In study 1, the prevalence of moderate to severe pain during chest drain removal was 76%. Morphine was commonly given preprocedure, but the dose varied considerably. In study 2, children experienced a significant increase in pain during the procedure compared with preprocedure pain at rest, despite receiving Entonox, morphine and/or diclofenac. However, procedure pain was no worse than preprocedure pain during movement or deep breathing. A few minor side effects occurred, which resolved spontaneously. In study 3, no differences were found in pain between the two treatment groups. Children experienced moderate to severe pain during the procedure, despite receiving Entonox or morphine.

CONCLUSIONS

Morphine or Entonox alone are unlikely to provide adequate analgesia for chest drain removal pain in children.
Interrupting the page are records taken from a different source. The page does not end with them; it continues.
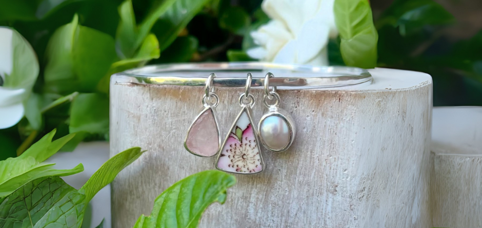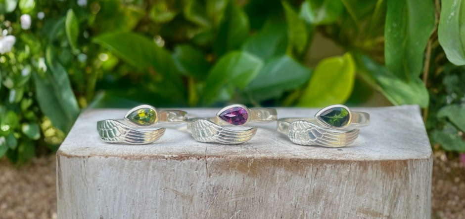 I’m Kathy, and I’ve been surrounded by creativity for as long as I can remember. My parents were potters, and their backyard workshop was always full of colour, texture, and endless inspiration. When I studied Art Education at university, majoring in Smithing, I set up a little corner of that workshop to begin making gemstone jewellery in sterling silver.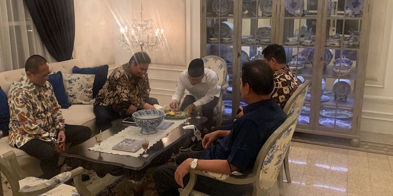 Kantor Berita Politik RMOL di lokasi, Airlangga ditemani Bendahara Umum Partai Golkar Dito Ganinduto. Keduanya lebih dahulu tiba dan duduk di ruangan depan Rumah Herirage Sam Ratulangi.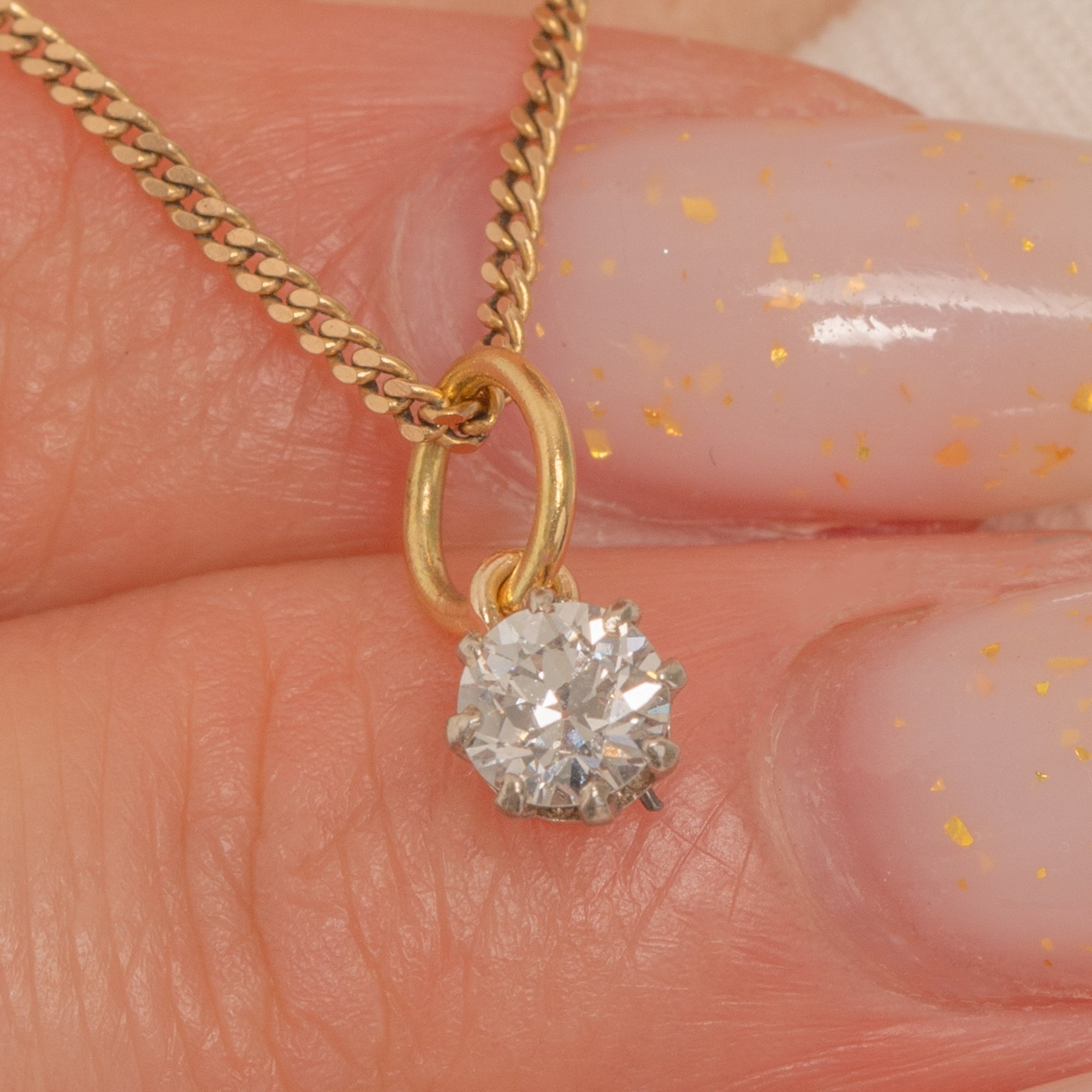 EXCELLENT: The Diamond is bright with no eye-visible chips or abrasions. The 15ct Gold setting and 18ct Gold jump ring are secure with light surface wear commensurate with age. Minor solder/tool marks are present at the jump ring join, stable and not distracting when worn.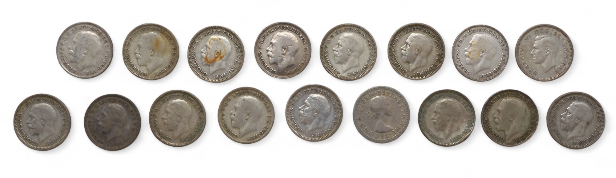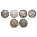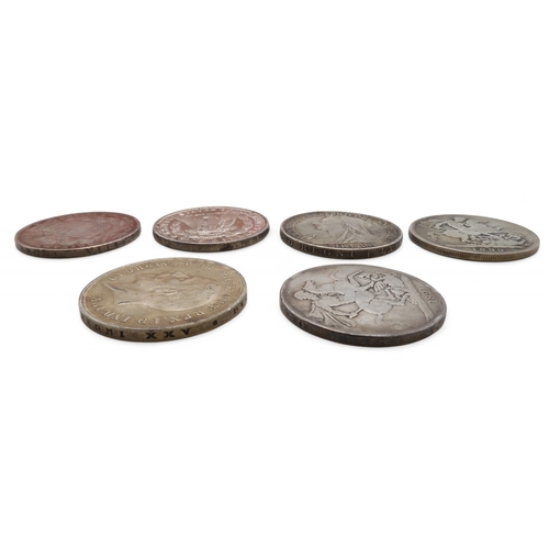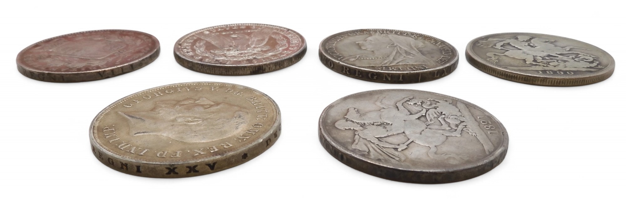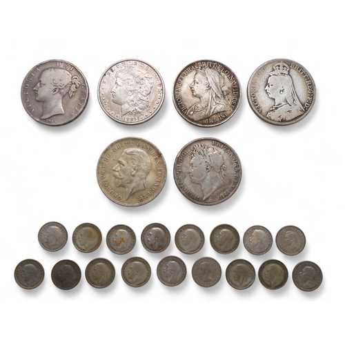 A lot comprising a U.S. Morgan dollar 1885 together with various dated G.B. crowns George IIII 1821, Victoria 1845, 1890 and 1897, George V 1935 together with pre 1947 sixpence examples approximate overall weight 188 grams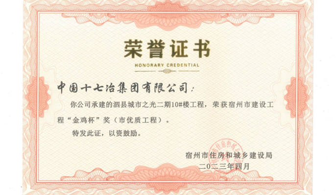 近日,从安徽省宿州市住房和城乡建设局获悉,中国十七冶承建的宿州泗县城市之光二期工程、宿州生物医药科技园工程4#-7#楼两项目荣获宿州市建设工程“金鸡杯”优质工程奖。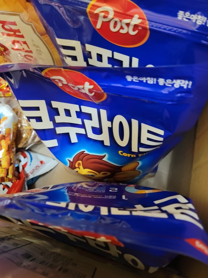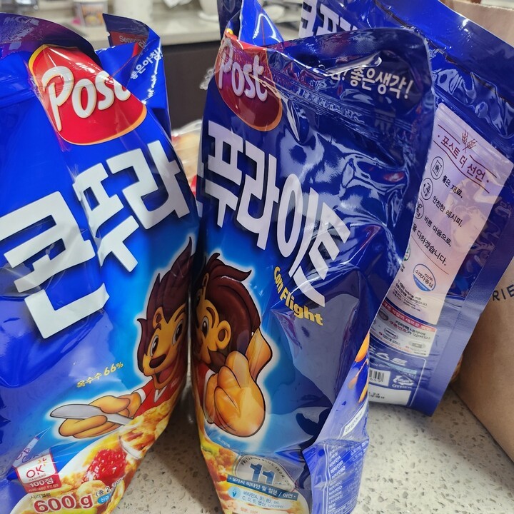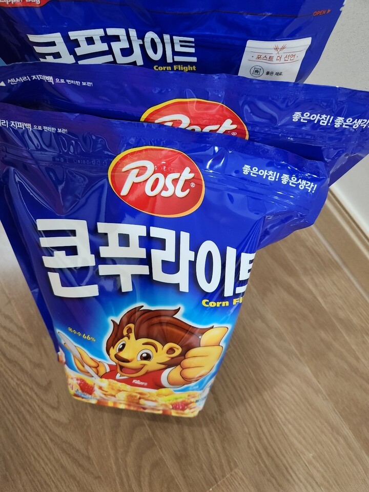 콘푸라이트 바쁜 아침에 아이 간식에 너무 좋습니다. 여기서만 계속 구매합니다. 저렴하고 사은품까지

More research is needed to determine the most effective interventions for this procedure.

摘要

背景

吗啡常用于缓解胸腔引流管拔除时的疼痛,尽管一些针对成人的研究表明吸入剂可能对该操作有效。关于儿童胸腔引流管拔除时的疼痛及其管理知之甚少。

方法

在一家大型三级儿科医院进行了三项独立研究,以检查儿童胸腔引流管拔除时疼痛的特征和管理。研究1调查了135名年龄在1周龄至18岁之间、正在拔除胸腔引流管的非通气儿童的疼痛患病率、临床特征及镇痛措施。研究2是一项观察性研究,旨在确定30名7至18岁儿童自行使用恩托诺克斯(50%氧化亚氮和氧气)缓解胸腔引流管拔除疼痛的有效性和安全性。研究3是一项试点随机对照试验,比较静脉注射吗啡和持续输注恩托诺克斯对14名年龄在3.5个月至2.75岁之间儿童胸腔引流管拔除疼痛的效果。

结果

在研究1中,胸腔引流管拔除过程中中度至重度疼痛的患病率为76%。术前通常给予吗啡,但剂量差异很大。在研究2中,尽管接受了恩托诺克斯、吗啡和/或双氯芬酸治疗,但与术前静息时的疼痛相比,儿童在操作过程中的疼痛仍显著增加。然而,操作时的疼痛并不比术前活动或深呼吸时的疼痛更严重。出现了一些轻微的副作用,但均自行缓解。在研究3中,两个治疗组之间的疼痛无差异。尽管接受了恩托诺克斯或吗啡治疗,但儿童在操作过程中仍经历了中度至重度疼痛。

结论

单独使用吗啡或恩托诺克斯不太可能为儿童胸腔引流管拔除疼痛提供充分的镇痛效果。需要更多的研究来确定针对该操作最有效的干预措施。